Young man stands with Acropolis in the background
On the bastion of Athena Nike on the Acropolis, Mycenaean Cyclopean wall in view.

Daniel Orr: People and Places of Greek Philosophy

In the fall semester of 2022, I read what at the time I thought was the best academic paper on Plato ever written.  “‘I Went Down to the Piraeus Yesterday’: Routes, Roads, and Plato’s Republic” (Hesperia Vol. 89 No. 4. Oct-Dec. 2020. 725-755) cracked open Plato’s Republic in a way that I had never before thought possible: asking what route Socrates and Glaucon son of Ariston (and older brother of Plato) had taken from the city to house of Cephalus in the Piraeus in the opening lines of the Republic.  The article showed the possibility of subjecting Platonic art to archaeological scrutiny that actually shed light on how we should read and understand the great dialogue.

young man stands next to old professor sitting down, Greece
Delphi 2025: Left to right, Ed Harris looking pensive, Daniel Orr reading Herodotus

Three years later, in the brutal heat of a humid Aegean morning, I was retracing those steps of Socrates and Glaucon over what remained of the foundations of the main gate of the Piraeus, the port of fifth-century Athens, with Geoffrey Bakewell (Rhodes College), the author of the article that had so impressed me, and the director of the American School of Classical Studies in Athens (ASCSA) summer seminar, “People and Places of Ancient Philosophy.”  Eighteen days of blood, toil, and sweat did nothing to diminish the elation of the moment.

From June 9-June 27, “People and Places of Ancient Philosophy,” took me and some twenty other philomathic students to what still seems like an improbable swath of the city of Athens, Attica, and mainland Greece—all the while inquiring into the geographic and topographic realia in which Socrates, Plato, Aristotle, Epicurus, St.
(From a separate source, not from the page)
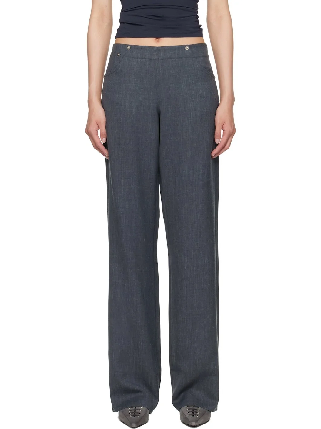 Recycled polyester- and merino wool-blend twill trousers. · Five-pocket styling · Rivets at front · Concealed zip closure at side · Button tab at inner waist · Mulesing-free wool Supplier color: Grey 55% recycled polyester, 25% merino wool, 20% linen. Made in Spain 252648F087001

Paul, Diogenes of Cyrene, Prodicus, and so many others knew so well. There’s nothing quite like the experience of sweating out a gallon of water on the windless and unshaded South Slope of the Acropolis to understand just how far-removed Thesaurus Linguae Graecae word searches in air-conditioned American university libraries are from the lived experiences of seemingly disembodied philosophers we studied. Climbing Lykabettos, surviving the onslaught of insects at Pella, nearly suffocating to death in an airless Thessaloniki church, and, yes, losing red blood cells to a window-pane in Ioannina in Epirus made our group of peppy undergraduates, grizzled PhD students, teachers, and JD-PhD all a little more skeptical of those who tell us to distrust the phainomena. 

But more than just delivering physical and philosophical training, “People and Places of Ancient Philosophy,” crystallized so much of what I had been working on at Duke up to that point.  The program was a capstone to my independent studies with Josh Sosin that have informed my dissertation topic on Thucydides and his reception as a political thinker in times of civil strife (which includes the strife-torn Athens of the late fifth century); it also capped Catharine Judson’s Athenian Archaeology course for which I was TA.  Timely visits to the National Epigraphic Museum with Danielle Kellogg, a ceramics masterclass at the National Archaeological Museum with Kathleen Lynch, tromping around the Agora with THE John Camp, and the opportunity to do a site report in Eleusis about the last refuge of the Thirty tyrants and partisans helped me process and reconsider my work on Athenian politics and the place of philosophy in the late fifth century. 

Exposure to the resources of ASCSA proved to be more than a boon: it was an inspiration.  There is nothing quite like the chance to walk up the stairs of the Parthenon with Julia Shear (whose company proved a sheer delight) or the privilege of standing on the temple of Zeus at Olympia with Oliver Pfilz. And to do this all in the company of Geoffrey Bakewell and students whose talents soared as high as Olympos made it the acme of my time in graduate school.  For this, I want to convey my thanks to Geoffrey Bakewell, Sondra Horn and Nicole Coscolluela for administering the Research Travel Grants, Clare Woods, Josh Sosin, my letter writers (who literally came to my aid at the last minute), and the generous supporters of the Department of Classical Studies who made this experience possible. 

group of young people sit on the steps of the Acropolis
The fact that a plank covered Poseidon's trident hole did not diminish from the elation of the Erechtheion.